Given that this kind of interleaved load is very common, and the optimal code for it is very ISA and ISA-extension specific, I think we should consider adding instructions to WASM SIMD to allow runtimes to generate code that is optimized for the specific target that the code is running on.

These instructions are direct translations of the ARM Neon interleaved load instructions:

v8x16.load_interleaved_2 <memarg> : (i32) -> (v128, v128)
v8x16.load_interleaved_3 <memarg> : (i32) -> (v128, v128, v128)
v8x16.load_interleaved_4 <memarg> : (i32) -> (v128, v128, v128, v128)
v16x8.load_interleaved_2 <memarg> : (i32) -> (v128, v128)
v16x8.load_interleaved_3 <memarg> : (i32) -> (v128, v128, v128)
v16x8.load_interleaved_4 <memarg> : (i32) -> (v128, v128, v128, v128)
v32x4.load_interleaved_2 <memarg> : (i32) -> (v128, v128)
v32x4.load_interleaved_3 <memarg> : (i32) -> (v128, v128, v128)
v32x4.load_interleaved_4 <memarg> : (i32) -> (v128, v128, v128, v128)
v64x2.load_interleaved_2 <memarg> : (i32) -> (v128, v128)
v64x2.load_interleaved_3 <memarg> : (i32) -> (v128, v128, v128)
v64x2.load_interleaved_4 <memarg> : (i32) -> (v128, v128, v128, v128)

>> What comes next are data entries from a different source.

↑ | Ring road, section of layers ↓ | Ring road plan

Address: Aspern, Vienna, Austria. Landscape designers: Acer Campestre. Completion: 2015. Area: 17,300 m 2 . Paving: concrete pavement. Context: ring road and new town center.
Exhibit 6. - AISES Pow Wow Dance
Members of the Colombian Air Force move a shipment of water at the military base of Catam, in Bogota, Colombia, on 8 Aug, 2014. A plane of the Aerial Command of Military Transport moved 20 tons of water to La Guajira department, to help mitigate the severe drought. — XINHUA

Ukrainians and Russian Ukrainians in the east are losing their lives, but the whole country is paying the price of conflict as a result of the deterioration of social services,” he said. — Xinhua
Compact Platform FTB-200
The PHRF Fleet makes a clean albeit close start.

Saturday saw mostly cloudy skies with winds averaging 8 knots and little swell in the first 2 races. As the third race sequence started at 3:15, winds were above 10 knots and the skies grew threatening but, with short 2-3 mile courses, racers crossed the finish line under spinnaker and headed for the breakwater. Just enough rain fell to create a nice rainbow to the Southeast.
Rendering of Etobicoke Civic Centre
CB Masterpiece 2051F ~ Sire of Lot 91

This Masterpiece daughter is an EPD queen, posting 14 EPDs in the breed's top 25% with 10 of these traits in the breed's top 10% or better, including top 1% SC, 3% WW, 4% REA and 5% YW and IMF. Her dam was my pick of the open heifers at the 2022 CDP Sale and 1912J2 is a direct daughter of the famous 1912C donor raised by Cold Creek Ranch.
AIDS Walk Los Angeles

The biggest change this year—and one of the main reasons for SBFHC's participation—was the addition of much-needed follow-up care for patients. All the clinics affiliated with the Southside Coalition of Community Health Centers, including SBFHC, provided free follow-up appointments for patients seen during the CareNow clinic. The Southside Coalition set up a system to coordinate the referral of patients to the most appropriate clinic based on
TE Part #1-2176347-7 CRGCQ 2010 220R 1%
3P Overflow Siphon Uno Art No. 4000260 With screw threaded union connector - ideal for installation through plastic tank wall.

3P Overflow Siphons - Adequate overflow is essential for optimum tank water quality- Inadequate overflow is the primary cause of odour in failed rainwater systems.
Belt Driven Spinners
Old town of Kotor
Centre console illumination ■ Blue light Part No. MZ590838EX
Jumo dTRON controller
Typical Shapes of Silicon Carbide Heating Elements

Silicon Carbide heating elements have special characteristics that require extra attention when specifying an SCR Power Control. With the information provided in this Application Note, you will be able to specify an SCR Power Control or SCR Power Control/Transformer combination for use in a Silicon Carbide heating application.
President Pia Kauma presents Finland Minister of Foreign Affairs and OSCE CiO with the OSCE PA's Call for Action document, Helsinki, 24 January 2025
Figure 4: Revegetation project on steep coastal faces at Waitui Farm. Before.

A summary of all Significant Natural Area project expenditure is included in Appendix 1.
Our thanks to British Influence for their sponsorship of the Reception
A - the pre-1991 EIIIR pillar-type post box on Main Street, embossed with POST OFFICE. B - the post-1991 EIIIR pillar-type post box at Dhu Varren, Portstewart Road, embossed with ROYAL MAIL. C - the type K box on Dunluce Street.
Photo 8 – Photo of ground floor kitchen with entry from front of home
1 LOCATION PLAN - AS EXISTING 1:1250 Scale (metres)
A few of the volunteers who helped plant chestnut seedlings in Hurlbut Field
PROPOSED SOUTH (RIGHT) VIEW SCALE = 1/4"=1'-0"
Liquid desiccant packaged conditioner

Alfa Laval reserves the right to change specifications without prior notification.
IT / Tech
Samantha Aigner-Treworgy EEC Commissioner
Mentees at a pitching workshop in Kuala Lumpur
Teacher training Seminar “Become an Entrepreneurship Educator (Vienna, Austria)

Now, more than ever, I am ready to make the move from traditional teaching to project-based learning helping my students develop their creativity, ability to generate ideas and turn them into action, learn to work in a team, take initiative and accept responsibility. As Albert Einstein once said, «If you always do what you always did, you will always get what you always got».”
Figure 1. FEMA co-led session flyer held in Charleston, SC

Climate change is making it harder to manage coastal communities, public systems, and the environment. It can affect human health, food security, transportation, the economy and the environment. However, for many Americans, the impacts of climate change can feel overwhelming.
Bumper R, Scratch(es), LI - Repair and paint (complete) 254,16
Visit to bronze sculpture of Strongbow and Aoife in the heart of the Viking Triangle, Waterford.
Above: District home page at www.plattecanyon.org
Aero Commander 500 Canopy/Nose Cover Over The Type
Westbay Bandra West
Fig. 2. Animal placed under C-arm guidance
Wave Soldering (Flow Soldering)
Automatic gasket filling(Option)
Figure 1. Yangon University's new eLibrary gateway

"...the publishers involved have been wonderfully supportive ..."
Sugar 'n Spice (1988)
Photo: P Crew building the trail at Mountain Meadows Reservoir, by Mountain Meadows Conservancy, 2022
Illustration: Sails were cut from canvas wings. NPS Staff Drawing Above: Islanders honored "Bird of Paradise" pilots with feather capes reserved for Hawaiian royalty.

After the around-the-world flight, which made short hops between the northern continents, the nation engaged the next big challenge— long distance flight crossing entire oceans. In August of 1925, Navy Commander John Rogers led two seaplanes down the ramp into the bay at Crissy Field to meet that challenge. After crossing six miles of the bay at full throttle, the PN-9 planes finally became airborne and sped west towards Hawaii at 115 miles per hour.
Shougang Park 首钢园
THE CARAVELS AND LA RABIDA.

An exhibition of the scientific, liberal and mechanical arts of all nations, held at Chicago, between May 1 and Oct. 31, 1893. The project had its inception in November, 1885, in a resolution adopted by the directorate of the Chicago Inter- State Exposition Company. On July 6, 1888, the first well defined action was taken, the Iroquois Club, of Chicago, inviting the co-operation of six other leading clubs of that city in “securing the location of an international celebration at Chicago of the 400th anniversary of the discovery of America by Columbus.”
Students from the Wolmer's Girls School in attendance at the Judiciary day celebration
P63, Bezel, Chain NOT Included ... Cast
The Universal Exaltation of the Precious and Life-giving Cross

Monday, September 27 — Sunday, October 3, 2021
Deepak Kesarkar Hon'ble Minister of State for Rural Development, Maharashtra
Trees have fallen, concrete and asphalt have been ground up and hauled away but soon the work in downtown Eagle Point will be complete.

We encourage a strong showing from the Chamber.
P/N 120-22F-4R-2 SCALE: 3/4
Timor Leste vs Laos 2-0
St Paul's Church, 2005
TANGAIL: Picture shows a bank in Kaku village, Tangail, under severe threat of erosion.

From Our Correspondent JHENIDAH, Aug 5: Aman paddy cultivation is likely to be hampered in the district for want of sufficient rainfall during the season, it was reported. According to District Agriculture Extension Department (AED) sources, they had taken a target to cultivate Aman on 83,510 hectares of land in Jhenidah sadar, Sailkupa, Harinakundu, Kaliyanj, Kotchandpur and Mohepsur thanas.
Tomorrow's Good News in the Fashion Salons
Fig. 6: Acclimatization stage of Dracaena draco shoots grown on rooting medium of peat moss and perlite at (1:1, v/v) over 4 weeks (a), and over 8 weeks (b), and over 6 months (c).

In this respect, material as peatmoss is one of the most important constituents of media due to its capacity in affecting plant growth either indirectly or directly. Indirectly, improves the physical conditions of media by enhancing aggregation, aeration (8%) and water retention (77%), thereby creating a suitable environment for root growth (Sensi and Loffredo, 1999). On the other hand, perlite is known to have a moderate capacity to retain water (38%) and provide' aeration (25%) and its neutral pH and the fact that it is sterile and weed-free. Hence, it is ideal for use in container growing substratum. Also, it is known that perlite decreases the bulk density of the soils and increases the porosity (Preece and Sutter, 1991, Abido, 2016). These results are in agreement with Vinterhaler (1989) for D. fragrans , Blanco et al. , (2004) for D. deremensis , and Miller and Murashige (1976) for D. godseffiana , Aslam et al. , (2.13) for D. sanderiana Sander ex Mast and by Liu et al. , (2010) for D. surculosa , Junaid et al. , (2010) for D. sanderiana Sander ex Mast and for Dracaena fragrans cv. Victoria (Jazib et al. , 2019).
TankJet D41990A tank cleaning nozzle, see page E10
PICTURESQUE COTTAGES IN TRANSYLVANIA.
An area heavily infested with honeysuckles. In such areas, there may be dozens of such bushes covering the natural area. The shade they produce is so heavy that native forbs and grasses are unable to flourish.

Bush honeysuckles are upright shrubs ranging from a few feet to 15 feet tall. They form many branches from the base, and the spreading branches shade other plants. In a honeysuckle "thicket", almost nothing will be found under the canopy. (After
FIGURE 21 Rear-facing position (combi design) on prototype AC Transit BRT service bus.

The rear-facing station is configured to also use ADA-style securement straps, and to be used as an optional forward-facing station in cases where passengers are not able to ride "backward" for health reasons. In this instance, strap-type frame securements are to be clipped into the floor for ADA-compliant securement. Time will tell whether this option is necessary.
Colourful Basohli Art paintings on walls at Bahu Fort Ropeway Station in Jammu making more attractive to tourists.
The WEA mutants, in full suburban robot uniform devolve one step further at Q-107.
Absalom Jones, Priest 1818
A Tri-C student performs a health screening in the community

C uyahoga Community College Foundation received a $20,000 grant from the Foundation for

AxB.load_interleaved_C loads B*C interleaved A elements from contiguous memory at the given address, and deinterleaves them into C AxB vectors. Pseudo-code:

template<typename A, int B, int C>
void load_interleaved(const A mem[B*C], A result[C][B]) {
  for(int i = 0; i < B; ++i) {
    for(int j = 0; j < C; ++j) {
      result[j][i] = mem[i * C + j];
    }
  }
}

The complementary store_interleaved instructions are probably worthwhile as well, but I'd like to see what folks think of the load instructions first.

tlively commented 4 years ago

Interesting idea! These instructions all have multivalue types, so this has a soft dependency on the multivalue proposal. I don't think we want MVP SIMD to depend on multivalue, so I'm going to tag this as post-MVP.

AndrewScheidecker commented 4 years ago

Some WIP benchmarks from prototyping this in WAVM: https://gist.github.com/AndrewScheidecker/7d2075d0fb6cc1e2c71b57fa54e9d850

These instructions all have multivalue types, so this has a soft dependency on the multivalue proposal. I don't think we want MVP SIMD to depend on multivalue, so I'm going to tag this as post-MVP.

I agree that we don't want to add a dependency on multivalue. However, I think it would be pretty easy to add instructions with multiple results to the SIMD spec/reference interpreter without pulling in anything from the multivalue repo.